I suspect we should make the thing a config option, and default it to 
"on".

I personally do _not_ want to see the root commit, because for the kernel, 
it's a honking huge import that does not make sense as a "diff". It's not 
really a diff against anything, after all - it's an import.

That's really the reason why git defaults to not showing the root diff at 
all: exactly because for the kernel, the initial commit was state that 
"just came to be", and I found it both illogical and annoying to see it as 
a diff, since that commit really was a "black hole" where previous history 
just disappeared.

But if you have the _full_ history with a new project, "--root" by default 
probably makes tons of sense.

> And one less "wart" to clean, which another thread is all about. :-)
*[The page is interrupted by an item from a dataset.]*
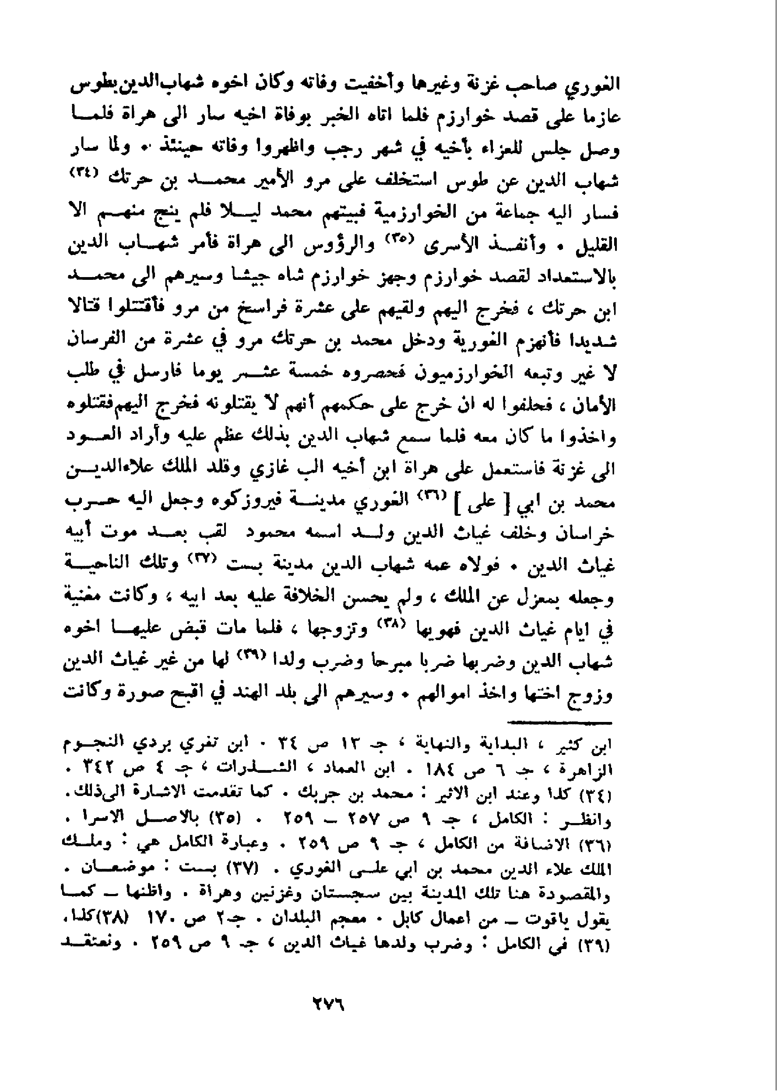 الغوري صاحب غزنة وغيرها وأخفيت وفاته وكان اخوه شهاب الدين بطوس عازما على قصد خوارزم فلما اتاه الخبر بوفاة اخيه سار الى هراة فلما وصل جلس للعزاء بأخيه في شهر رجب واظهروا وفاته حينئذ. ولما سار شهاب الدين عن طوس استخلف على مرو الأمير محمد بن حرتك 34 فسار اليه جماعة من الخوارزمية فبيتهم محمد ليلا فلم ينج منهم الا القليل. وأنفذ الأسرى 35 و الرؤوس الى هراة فأمر شهاب الدين بالاستعداد لقصد خوارزم وجهز خوارزم شاه جيشا وسيرهم الى محمد ابن حرتك، فخرج اليهم ولقيهم على عشرة فراسخ من مرو فأقتتلوا قتالا شديدا فأنهزم الغورية ودخل محمد بن حرتك مرو في عشرة من الفرسان لا غير وتبعه الخوارزميون فحصروه خمسة عشر يوما فارسل في طلب الأمان، فحلفوا له ان خرج على حكمهم أنهم لا يقتلونه فخرج اليهم فقتلوه واخذوا ما كان معه فلما سمع شهاب الدين بذلك عظم عليه وأراد العود الى غزنة فاستعمل على هراة ابن أخيه الب غازي وقلد الملك علاء الدين محمد بن ابي [على] 36 الغوري مدينة فيروزكوه وجعل اليه حرب خراسان وخلف غياث الدين ولد اسمه محمود لقب بعد موت أبيه غياث الدين. فولاه عمه شهاب الدين مدينة بست 37 و تلك الناحية وجعله بمعزل عن الملك، ولم يحسن الخلافة عليه بعد ابيه، وكانت مغنية في ايام غياث الدين فهويها 38 و تزوجها، فلما مات قبض عليها اخوه شهاب الدين وضربها ضربا مبرحا وضرب ولدا 39 لها من غير غياث الدين وزوج اختها واخذ اموالهم. وسيرهم الى بلد الهند في اقبح صورة وكانت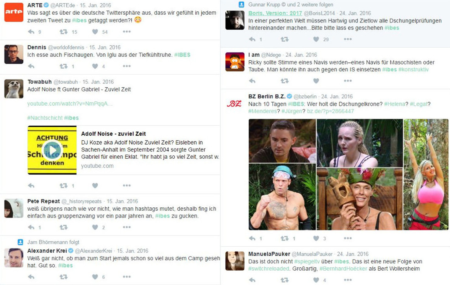 Wodurch entsteht der Unterhaltungsfaktor beim Dschungelcamp? Sind es die Prüfungen, der Ekel, der Klatsch und das (manchmal auch nicht) inszenierte zwischenmenschliche Drama der Kandidaten? Oder fiebern wir einfach gern mit ihnen mit? Vor allem die Begleitung der Sendung durch Twitter macht für viele einen großen Spaßfaktor beim Dschungelcamp aus. Während der zwei Wochen Sendezeit ist der Hashtag #ibes mit ziemlicher Sicherheit wieder häufiger in den Twitter-Trends. Die Nutzer fiebern mit, kommentieren und inszenieren sich so auch selbst mit Witzchen, Bemerkungen und sarkastischen Kommentaren. Man kann es teilweise schon fast ‚Hate-Kultur‘ nennen.

I really don't think it's a wart - see above - but it depends on the 
project.

There's also another reason for the root being special, which is purely 
git-internal: the root really has no parents at all, and the normal "git 
diff" is "diff against parents". So from a purely implementation 
standpoint, the "root" case is actually a special case, and for a while I 
was kind of wondering whether I should do what a lot of other SCM's seem 
to do, namely start out with an "empty root" when doing "git init-db".

git didn't end up doing that (and I'm personally pretty happy about it), 
but it was one of the things I was kind of thinking about: a "git import" 
kind of thing would have created an initial commit which was pre-populated 
with the thing to import, and a "git init-db" would have created an 
initial root commit that was empty.

That would have made the current "don't show the root diff" behaviour very 
natural (and you'd still have gotten the initial diff for a new project), 
but on the other hand, it would have had that annoying unnecessary "init" 
commit, and you'd _still_ have wanted to have something like "--root" in 
order to show the import commit as a patch (which you _sometimes_ want to 
do).

So having a config option would solve the problem, but what annoys me 
right now about the config options is that we really should have a 
graphical front-end to setting those things or something, because while 
_I_ don't have any issues with editing a ".git/config" file, I think we're 
getting to the point where a lot of our problems are really about "you can 
do it, but you have to know a lot about git to even know you can do it".